Given the much lower temperatures for this; at those soldering temps,
the platinum would not be harmed by acetylene, nor would the platinum
develop pits or the like from it, since the platinum never gets
anywhere near it’s melting point, or near any temp where it might be
absorbing carbon or other stuff from the flame. So any problems
you’d see would be in the gold solder, and that, I’m assuming pits in
the solder seam or the like, can result with any of the fuel gases,
with acetylene being no more likely to cause them, when working with
gold solders. I’m thinking the problems, if any, in such seams would
be simple poor fitting of joints, not proper cleaning of the metals
and solder, dirty flux, overheated solder, or any of the other
various reasons solder joints can be pitted. Did I miss something?
Or are you referring to other jobs, done with the otherwise proper
platinum materials, but still pitted or faulty, which you’re chalking
up the acetylene use?
It does occur to me to mention that oxy/acetylene, while a poor
choice for working platinum, can actually be used if you have no
choice. If the flame is set sufficiently oxidizing, then there will
not be free carbon left in the flame when it hits the metal, so
problems can be avoided. And even if this isn’t done, if the metal is
very clean, so there are no traces of silica (in fluxes, soldering
pads, even just house dust where silica may be a part) on the metal,
then the free carbon in the flame won’t actually cause problems.
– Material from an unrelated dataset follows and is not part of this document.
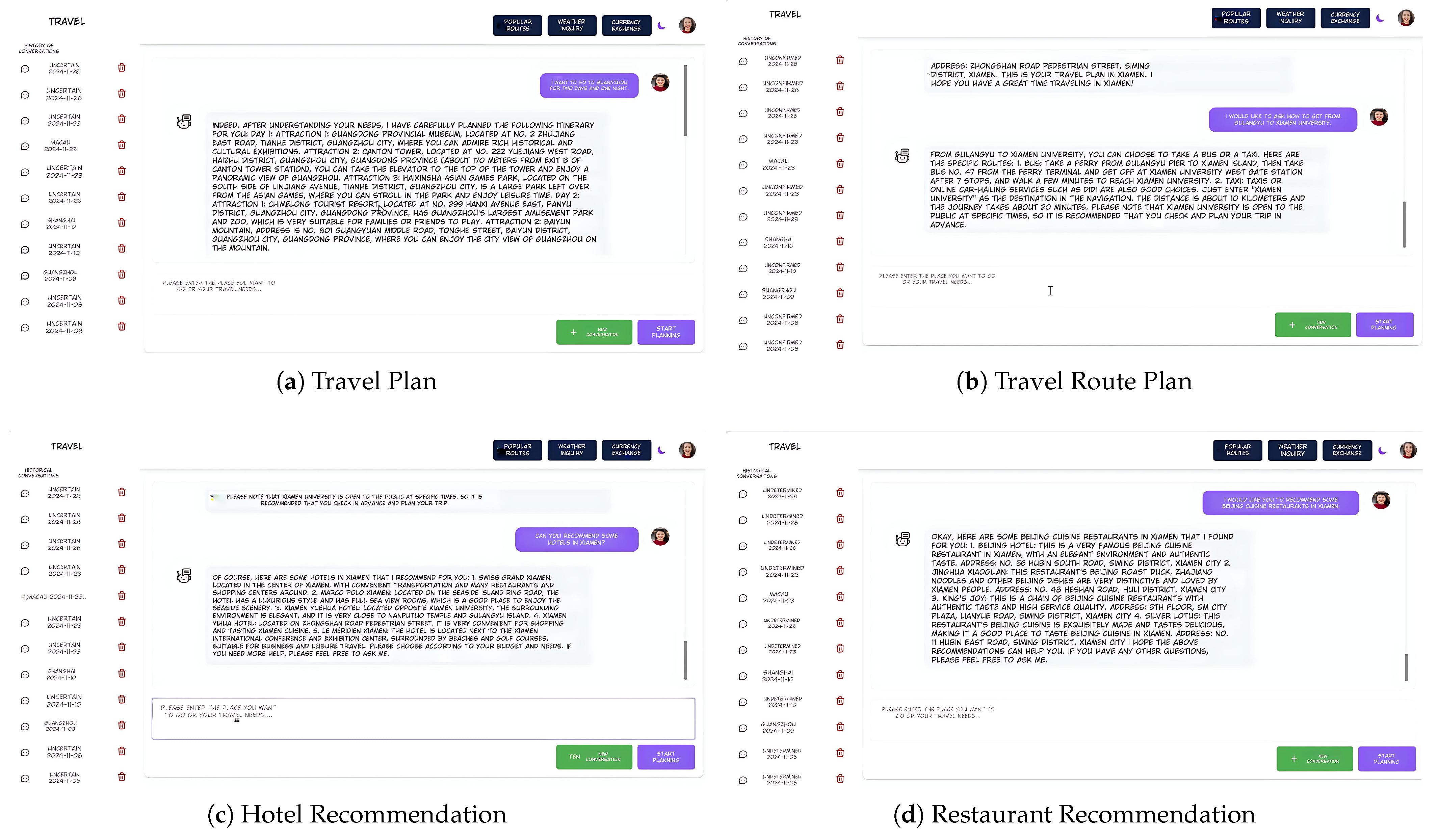 Figure 4 presents the conversation interface of the proposed system, which is composed of several functional modules. Specifically, the sidebar is used to display conversation records, allowing users to view and delete past chat histories. The title bar provides multiple functional buttons, including “Popular Routes,” “Weather Query,” and “Currency Exchange,” as well as theme-switching options (dark and light mode). To further demonstrate the versatility of the system, four representative application scenarios are illustrated in Figure 4a–d, corresponding to travel planning, route planning, hotel recommendations, and restaurant recommendations, respectively.

I say that because my understanding of the problem is that carbon
itself is not what contaminates the platinum, but rather, at those
temps, carbon is able to reduce the silica (silicon dioxide) down to
the metal, silicon, which then can be absorbed/diffused into the
platinum, and it is these traces of silicon added to the platinum
alloy which is actually the cause of the pitting and brittleness seen
in such situations… It is the combination of that free carbon at
high temps, and the virtually ubiquitous presence of traces of silica
everywhere, that gives rise to the problems. I first heard this
explanation in a paper presented at the Santa Fe conference something
like 25 years ago, I think, and it makes sense. It nicely explains
why contamination problems with platinum can be caprecious, sometimes
appearing, and sometimes not, even when apparently the same mistake
is made. If I’m wrong in this and someone knows better, please
advise
Peter